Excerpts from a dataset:
────────────────────────────────────────
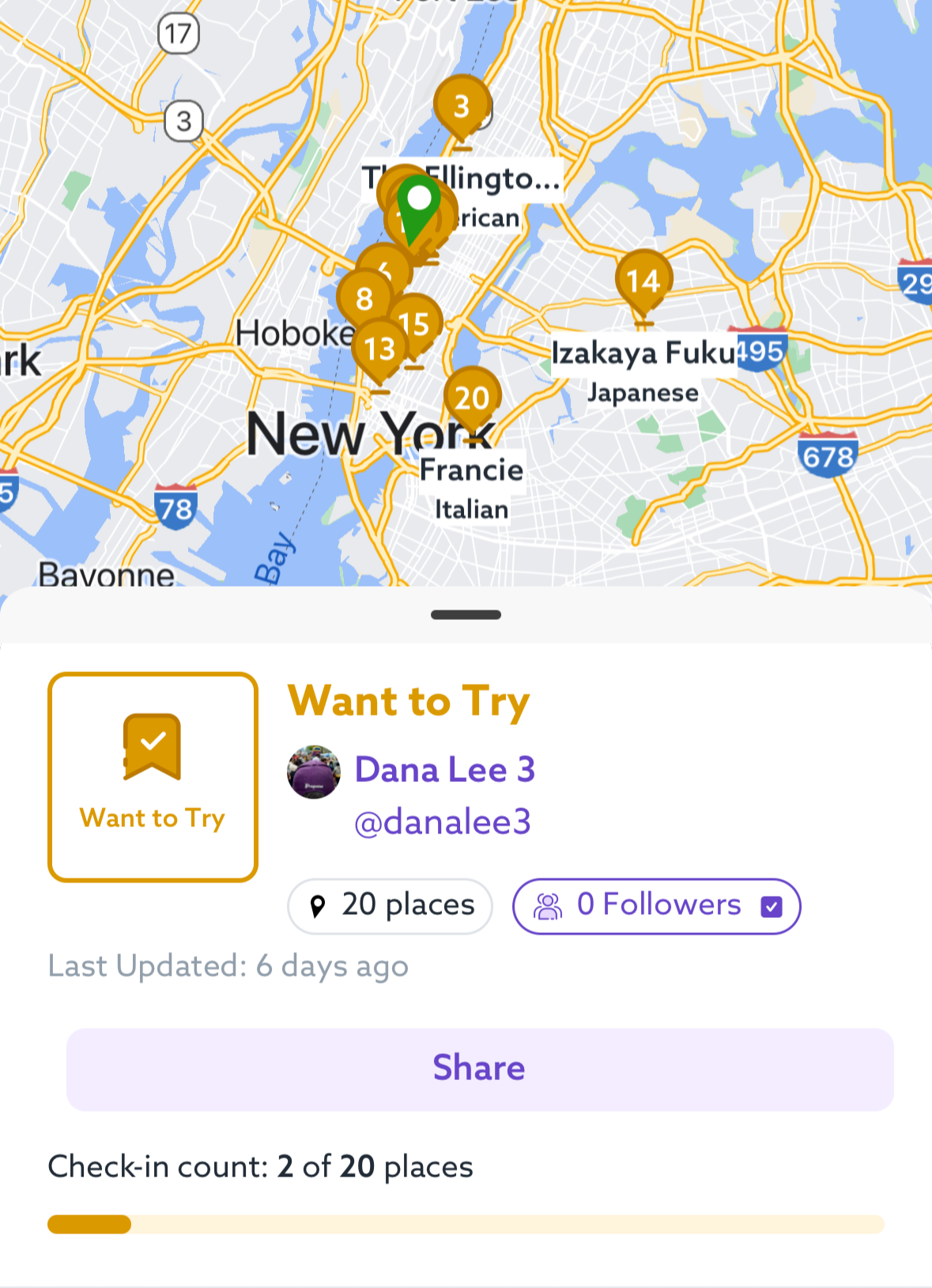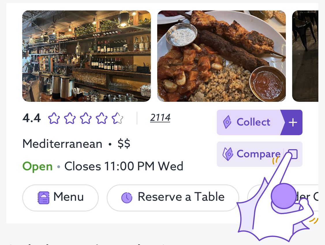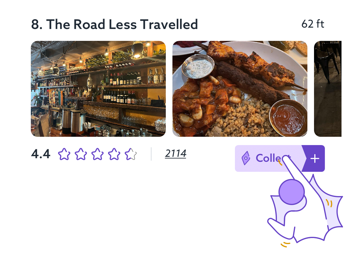 It’s easy to add places you want to remember. Just tap to add to your "Want to Try" album … or any custom album you’ve created.
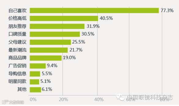 对于90后、95后群体的标签有很多,二次元、三次元均表现了这一特殊群体的生活习惯,自我世界的主观思想主导更为重要。据数据统计,在日常购物时,有77.3%的90后倾向于自己喜欢,40.5%的会关注价格高低,31.9%会受到朋友推荐的影响,而广告促销和导购信息的关注度分别为9.4%和5.5%,对90后群体消费影响相对较小。因此对于眼镜行业来说,如果主要的消费群体是年轻一代,那么在设计方面来说就要更多考虑这代人的需求。
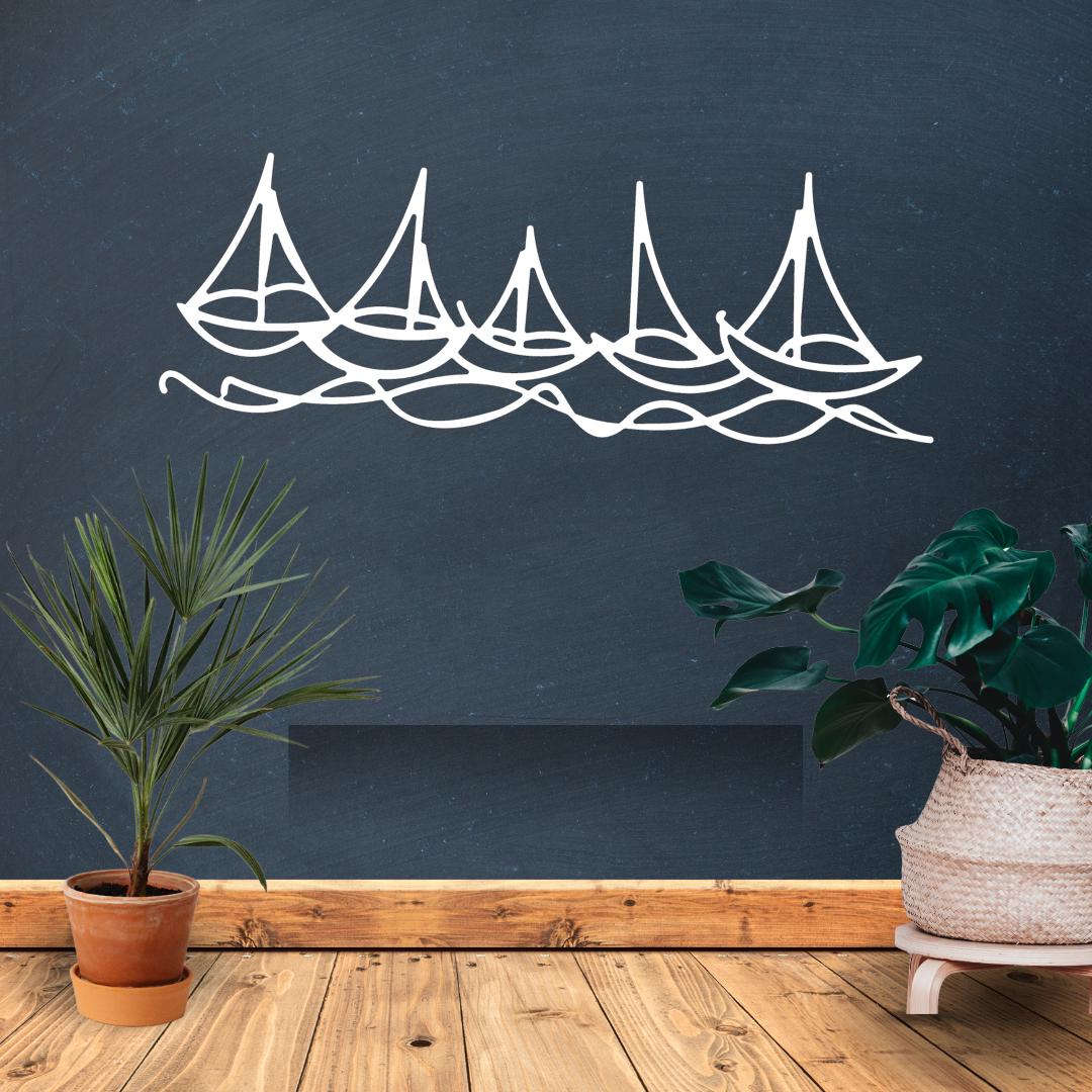 Bring the calm of the sea indoors with this elegant Sailboat Line Art Wall Decor. Featuring five stylized boats sailing across gentle waves, this piece is laser cut from 3mm gloss acrylic to deliver minimalist charm with a coastal vibe.
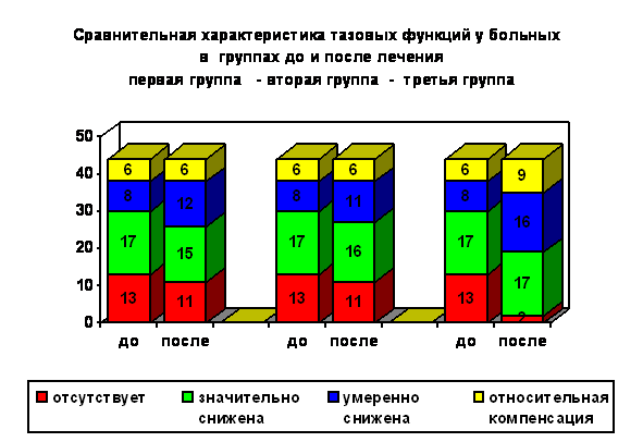 В первой и второй группах базисным лечением удалось нормализовать устойчивый пассаж мочи, добиться положительной динамики лабораторных показателей мочи. В третьей группе инвалидов отмечены значительные изменения со стороны тазовых органов. Так у 7 больных, относящихся к категориям «А» и «В» появился не постоянный (дневной) эквивалент позыва к мочеиспусканию, у 5 инвалидов сформировался устойчивый пузырный автоматизм, улучшились резервуарная и эвакуаторная функции мочевого пузыря, нормализовался устойчивый пассаж мочи, отмечена положительная динамика лабораторных данных у всех больных.
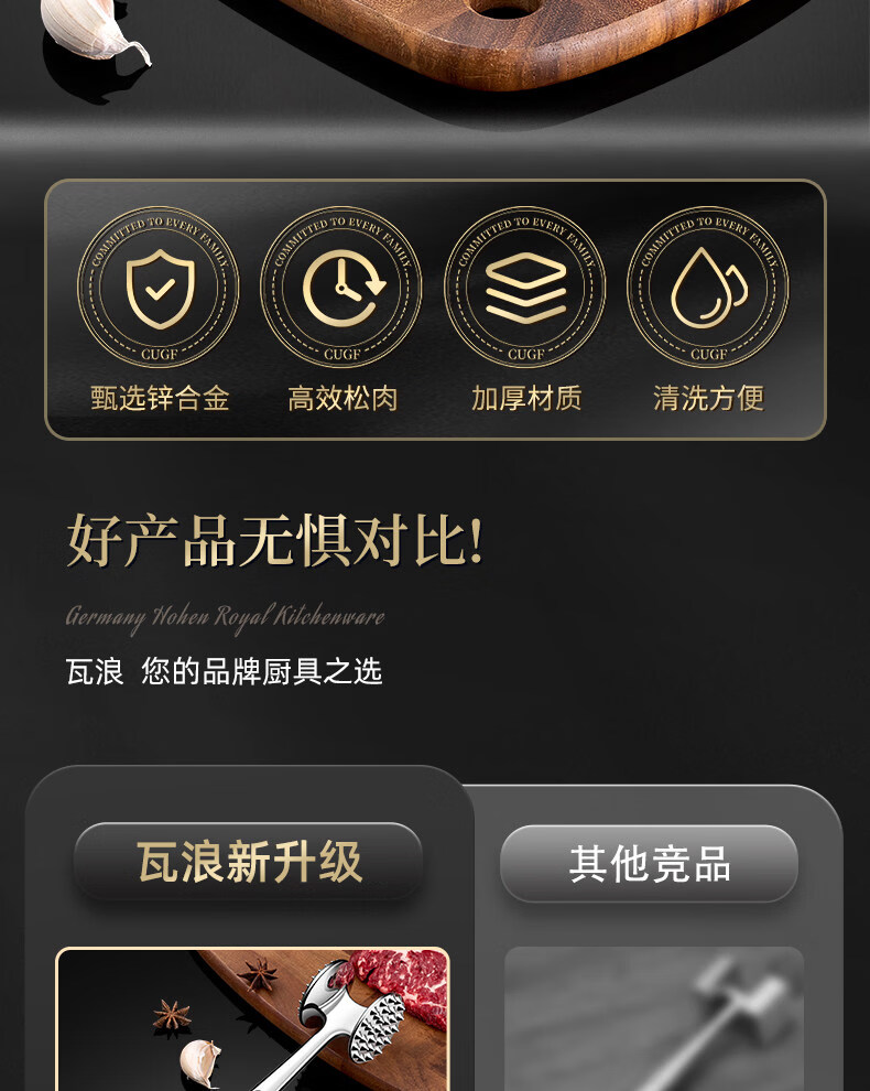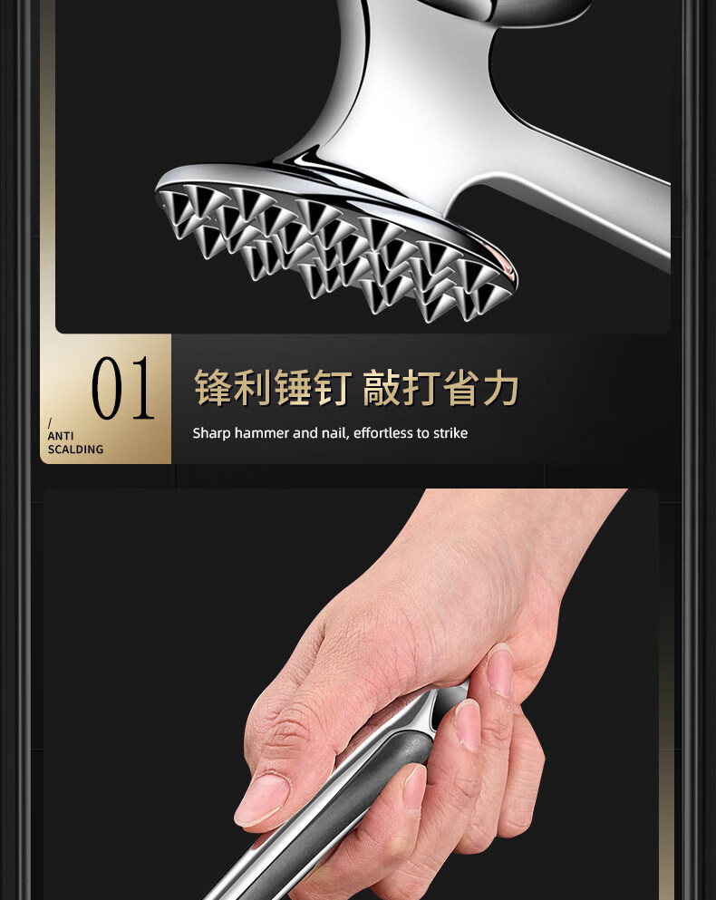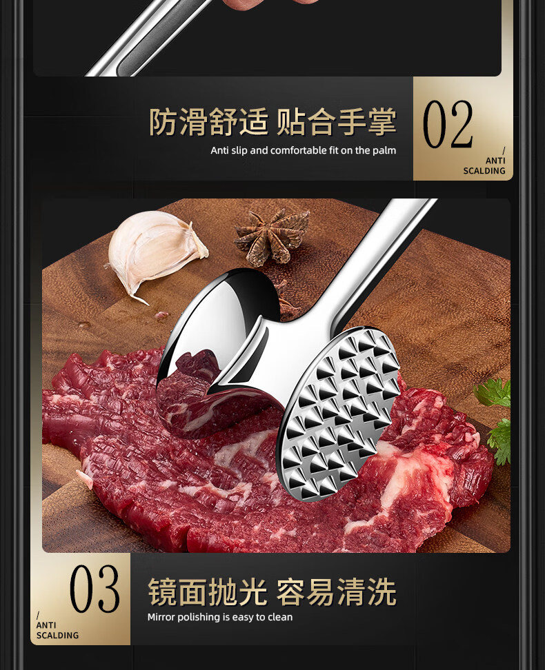 澳颜莱牛肉松肉锤家用拍打器断筋神器 标准款304钢食品级肉锤
────────────────────────────────────────
▶ **Directions**
Set down word for word the lines from the first entry through the line with "对于90后、95后群体的标签", both included, omitting pictures.

▶ **Answer to this exercise**
 It’s easy to add places you want to remember. Just tap to add to your "Want to Try" album … or any custom album you’ve created.
 对于90后、95后群体的标签有很多,二次元、三次元均表现了这一特殊群体的生活习惯,自我世界的主观思想主导更为重要。据数据统计,在日常购物时,有77.3%的90后倾向于自己喜欢,40.5%的会关注价格高低,31.9%会受到朋友推荐的影响,而广告促销和导购信息的关注度分别为9.4%和5.5%,对90后群体消费影响相对较小。因此对于眼镜行业来说,如果主要的消费群体是年轻一代,那么在设计方面来说就要更多考虑这代人的需求。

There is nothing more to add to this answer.